“Thanks, brother. I owe you big.”
“Nah. Buy me a bottle or something, maybe. Looks like you’ve got your hands full here.”
Sherlock simply nodded and followed J.R. back into the apartment. At the door, he turned and faced Gordon, who’d been right behind him. “I’ve wanted to take care of her since the day I met her. I am her rock. I need that as much as she does.”
~oOo~
“You look tired, sweetheart.”
She did. Tired and pale. J.R. had said he didn’t think she’d lost too much blood, and he’d left some iron pills to be on the safe side, but Sherlock didn’t like her color at all. The bruise on her cheek was much more visible now, with the blood cleaned up and her skin so pale. When she was up to it, she was going to tell him who the fuck had done it.
They were alone; after J.R. left, Sherlock and Gordon had cleaned up the mess, and then helped Sadie clean up, and then Gordon had kissed her cheek and shaken his hand, and bid them goodbye, just a few minutes ago.
“You don’t have to stay. I’m all sewn up now, and I’m not going to use or cut or anything. I’m okay.”
She definitely wasn’t going to use, because that shit was long gone. That wasn’t why he was staying, though, and it was time she believed it.
He sat on the bed, next to her hip. “I’m not leaving you, Sadie. You need to listen to me now. I love you. What happened last night changes nothing at all, not for me. What happened with Taryn was her fault, and my fault, but it was not your fault. I should have been more open about her, but I wasn’t trying to hide anything. I just…like I said, I just hate thinking about her. It’s you I want to think about. It’s you I want to make a life with.”

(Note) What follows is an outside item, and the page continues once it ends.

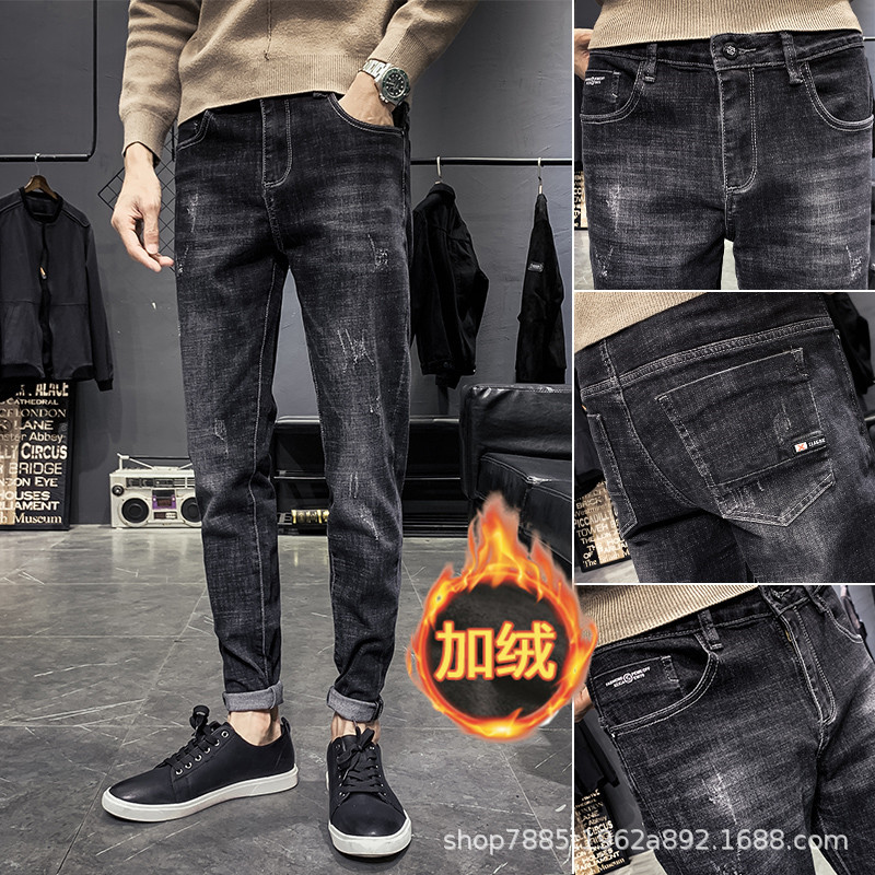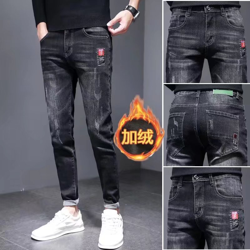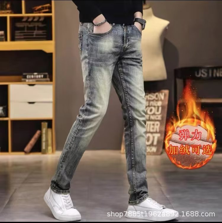 2023秋冬の韓国版ファッションファッションの新型の修身の小さい足とベルベットの厚いジーパンの男性は見ることができます。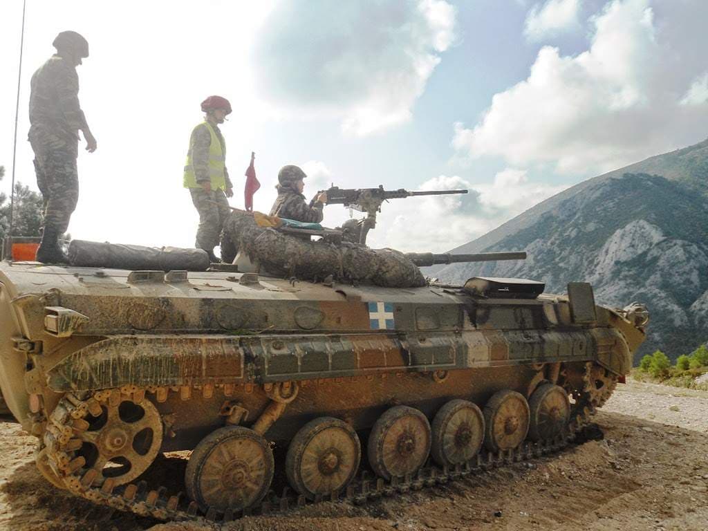 here’s a nice image of an Ex- NVA/Ex-Bunderwehr BMP-1A1 Ost in Hellenic service, with the turret mounted M2 BMG.

“The kids? Her kids, I guess. You don’t miss them?”
“Sure. I love them. But they’re not my kids, not my family. They never were. I was only borrowing them because I didn’t have one of my own. Now I have my own. And I am not leaving you. Short of kicking me to the curb, there’s nothing you can do to chase me off.”
She turned her head away, and he reached out, took her chin, and gently turned her back. “Listen to me, little outlaw. This isn’t me feeling sorry for you. This is me needing you. Taking care of you, loving you—it fulfills me.” He thought about what Gordon had said. “You don’t have to be strong for me. You don’t have to be anything you’re not. I like being strong for you. I love you for who you are. You can rest with me, Sadie.”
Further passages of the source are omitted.